Lay off Eddy Curry. For two years he's been dogged with one or some of the following: possible heart condition, trade rumors, overweight, being in the coaches dog house, in court for BS law suits, bad accountant / manager who stole money, child custody, leaches, stupid financial decisions ($6k a month chef, $17,000 in monthly rent, $30,000 in household expenses and $16,000 in "friends" allowances, that came out in court), foreclosure, possible looming divorce and the murder of his son's mother in which at one point he was suspect. The guy needs a change of scenery, new friends, and to watch his money, weight and basketball skill like a hawk.

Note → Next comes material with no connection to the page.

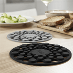 These two heat and stain-resistant circular trivets fit neatly together for compact storage.

I'm not an Eddy Curry apologist, in fact when he was with the bulls I wanted him traded. But, if he really had his head on straight and could get past some of his issues I think he can be close to a 20 and 10 guy and an asset to an nba team. He was giving Dwight Howard fits a few years ago. Even with Amare in New York you don't have a legit center. You should be hoping Curry can step up his game and give you guys at least some trade value if not be a rotation player.


----------



## Tragedy (Dec 9, 2002)

he can never be a 20 10 guy. Eddy is that you?


----------



## 68topls (Mar 29, 2008)

I said close to a 20 and 10 guy and no I'm not a knicks fan or eddy curry fan. So let me ask you this. Lets say last year when the knicks let nate robinson go they also let eddy curry go and he was free to sign with a team. Assuming he was not hurt and could play, do you think a team in the playoffs like boston or dallas or OKC who was short on a center would have picked him up just to sit on the bench at a pro-rated league minimum? Would boston have had a better chance in game six and seven when perkins went down by bringing eddy curry (a 7" 19 and 5 guy) off the bench instead of Brian scalabrine (a 6'9" 3 and 2 guy)? Obviously, this is with hind sights and a bunch of ifs. Eddy Curry is not work the 15mil a year he's making. He's basically a bad investment that at best right now is an expiring contract for trade bait and we all know it. I just choose to look at the guy and say maybe with a change of scenery / circumstances he could be productive again. 


Tragedy said:


> he can never be a 20 10 guy. Eddy is that you?


----------



## GNG (Aug 17, 2002)

Eddy Curry has a better chance of never playing another NBA game than he does of averaging "close to" 20 and 10 in a season.


----------